CLASS 58 (articles 144 and 145)
These are articles written in French and their common lexicon consists of {acte, avocat, avoir, désignation, enquête, factures, fausses, fisc, instruction, juge réquisitoire}. This lexicon allows us to understand that these articles discuss a legal affair having to do with fausses factures (counterfeit bills). The analysis of the lexicon also allows us to establish that the French word avocat is used in its ‘lawyer’ sense and not in its ‘avocado’ sense.
CLASS 61 (articles 151 and 152)
These articles are written in French and their common lexicon is {accéléré, aidé, américain, black, edwin, hitler, holocauste, ibm, identifier, journaliste, juifs, nazi, régime}. These articles talk about an investigation, lead by the American journalist Edwin Black, on the support offered by IBM to the Nazi regime for the identification of Jews during the Second World War. The lexicon provides all the relevant clues to draw such a conclusion. Also, the analysis of the lexicon also allows us to establish that the French word régime is used in its ‘regime’ sense and not in its ‘diet’ sense.
CLASS 74 (articles 178 and 179)
These articles are written in English and their common lexicon is {camps, case, chatilla, complaints, filed, israeli, palestinian, role, sabra, sharon, survivors, years}. This lexicon allows us to understand that these articles discuss the Israelo-Palestinian conflict, specifically the Palestinians’ complaints about the Sabra and Chatilla massacre. The analysis of the lexicon allows us to establish that the word ‘complaints’ is not used here in its illness-related sense but in its accusation, grievance, or dissatisfaction sense.
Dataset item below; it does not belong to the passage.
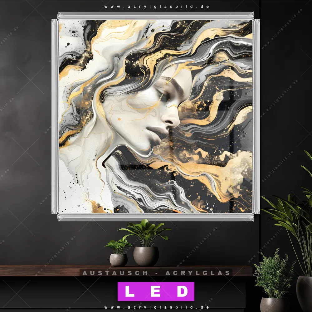 Wechsel-Acrylglas Canvalight® DIA | Elegantes gold-schwarzes Porträt | Quadrat

CLASS 87 (articles 206 and 207)
These articles are in English and their common lexicon {dock, docking, launch, obstruction, officials, russian, ship, shuttle, space, station}. This lexicon supports the analysis that these articles are about space conquest. The lexicon also supports the claim that the English word ‘space’ here refers to outer space and not to an interval between two letters or two words.
CLASS 93 (articles 221 and 222)
These articles are in English and their common lexicon is {california, marijuana, medical, science, university}. This lexicon leads us to think that these articles deal with the medical value of marijuana.